** Opening Dataset block **
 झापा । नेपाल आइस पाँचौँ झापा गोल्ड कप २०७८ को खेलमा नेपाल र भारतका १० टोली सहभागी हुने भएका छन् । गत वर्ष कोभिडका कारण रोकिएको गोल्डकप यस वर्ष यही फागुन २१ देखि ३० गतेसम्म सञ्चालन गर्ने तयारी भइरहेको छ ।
** Closing Dataset block **
** Opening Dataset block **
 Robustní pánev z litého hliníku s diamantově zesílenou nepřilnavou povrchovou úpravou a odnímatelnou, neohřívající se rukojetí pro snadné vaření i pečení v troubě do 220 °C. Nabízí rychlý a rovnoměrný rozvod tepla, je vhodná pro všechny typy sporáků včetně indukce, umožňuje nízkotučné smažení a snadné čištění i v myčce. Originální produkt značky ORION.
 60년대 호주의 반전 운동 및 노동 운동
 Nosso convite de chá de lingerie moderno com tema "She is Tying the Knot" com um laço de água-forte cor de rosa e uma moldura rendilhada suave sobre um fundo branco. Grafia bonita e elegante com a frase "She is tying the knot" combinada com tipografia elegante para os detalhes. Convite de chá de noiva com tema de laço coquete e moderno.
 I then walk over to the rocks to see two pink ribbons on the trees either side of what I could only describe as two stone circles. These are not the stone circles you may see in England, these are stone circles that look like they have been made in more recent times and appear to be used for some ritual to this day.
** Closing Dataset block **
In the entries above, please find the line with "Robustní pánev z" and the line with "Nosso convite de", then write out exactly those two lines and every line between them, and nothing more.

**Result for this exercise:**
 Robustní pánev z litého hliníku s diamantově zesílenou nepřilnavou povrchovou úpravou a odnímatelnou, neohřívající se rukojetí pro snadné vaření i pečení v troubě do 220 °C. Nabízí rychlý a rovnoměrný rozvod tepla, je vhodná pro všechny typy sporáků včetně indukce, umožňuje nízkotučné smažení a snadné čištění i v myčce. Originální produkt značky ORION.
 60년대 호주의 반전 운동 및 노동 운동
 Nosso convite de chá de lingerie moderno com tema "She is Tying the Knot" com um laço de água-forte cor de rosa e uma moldura rendilhada suave sobre um fundo branco. Grafia bonita e elegante com a frase "She is tying the knot" combinada com tipografia elegante para os detalhes. Convite de chá de noiva com tema de laço coquete e moderno.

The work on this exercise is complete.